2.12      As such, Burrell and Handler were of the view that the approach proposed in paragraphs 122A(1)(b) and (c) of the bill represented a sensible way forward, noting that :

2.13      Dr Penteado also commented on the proposed 'reasonable inquiries' and 'reasonable person' tests, and expressed the view that the tests 'are unpredictable, which is of subjective nature, not objective nature of what is reasonable.'[14] However, as noted above, the EM provides that the reasonable person test 'is intended to be objective, and is not intended to involve determining the subjective knowledge of the actual person.'[15]

Use of a 'deceptively similar' mark

2.14      In addition to acknowledging that the bill goes a long way to fixing the defects in the current law, Burrell and Handler raised a 'relatively minor issue' about the ability of the new parallel importation of trade marked goods provisions to protect against the use of 'deceptively similar' trademarks. Burrell and Handler explained that:

Currently, the s 123 defence [in the Trade Marks Act] applies only if the defendant uses 'a registered trade mark'. By virtue of s 7(1), this extends to use by the defendant of a mark that is ‘substantially identical’ with the registered mark. The draft 122A(1) applies in exactly the same way. However, as soon as the defendant goes beyond this to use a ‘deceptively similar’ mark, the defence falls away.[16]
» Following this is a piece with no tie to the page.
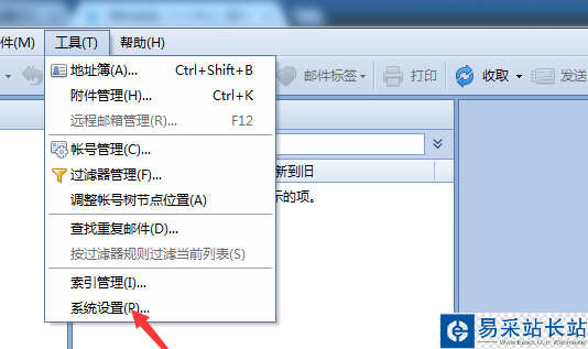 1、首先,先進入到了foxmail的窗口的界面當中,進行點擊菜單中工具,彈出了下拉菜單中,進行選中為“系統工具”
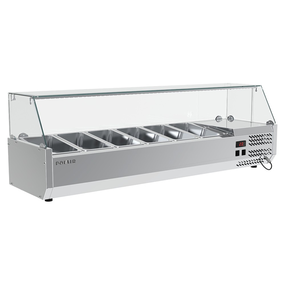 Холодильная витрина POLAIR VT2vEN 1/3 предназначена для демонстрации, охлаждения и кратковременного хранения ингредиентов для пиццы и салатов на предприятиях общественного питания и торговли. Модель оснащена стеклянным защитным колпаком. Обшивка корпуса шкафа изготовлена из нержавеющей стали и обеспечивает механическую прочность и долговечность витрины. Оборудование рассчитано на работу при температуре окружающей среды до 32 °C и относительной влажности воздуха до 80%.

2.15      This issue was not raised during the exposure draft consultation[17] and is not listed on IP Australia's public policy register as a policy issue that is currently being addressed.[18]

Plant Breeder's Rights

2.16      The submissions received from Rijk Zwaan Australia (RZA), the Australian Seed Foundation (ASF) and CropLife Australia (CropLife) addressed the proposed amendments to the PBR Act only. Overall, these submitters were supportive of the bill's proposed reforms to the PBR Act, noting that they:

2.17      Notwithstanding this support, these submitters also expressed some concerns about the drafting of the bill and suggested that the reforms needed to go further to provide adequate protection for plant breeders, including via the introduction of a United Kingdom-style Information Notice System (INS).

2.18      The submission received from Dr Penteado also commented on the amendments related to PBR.[20]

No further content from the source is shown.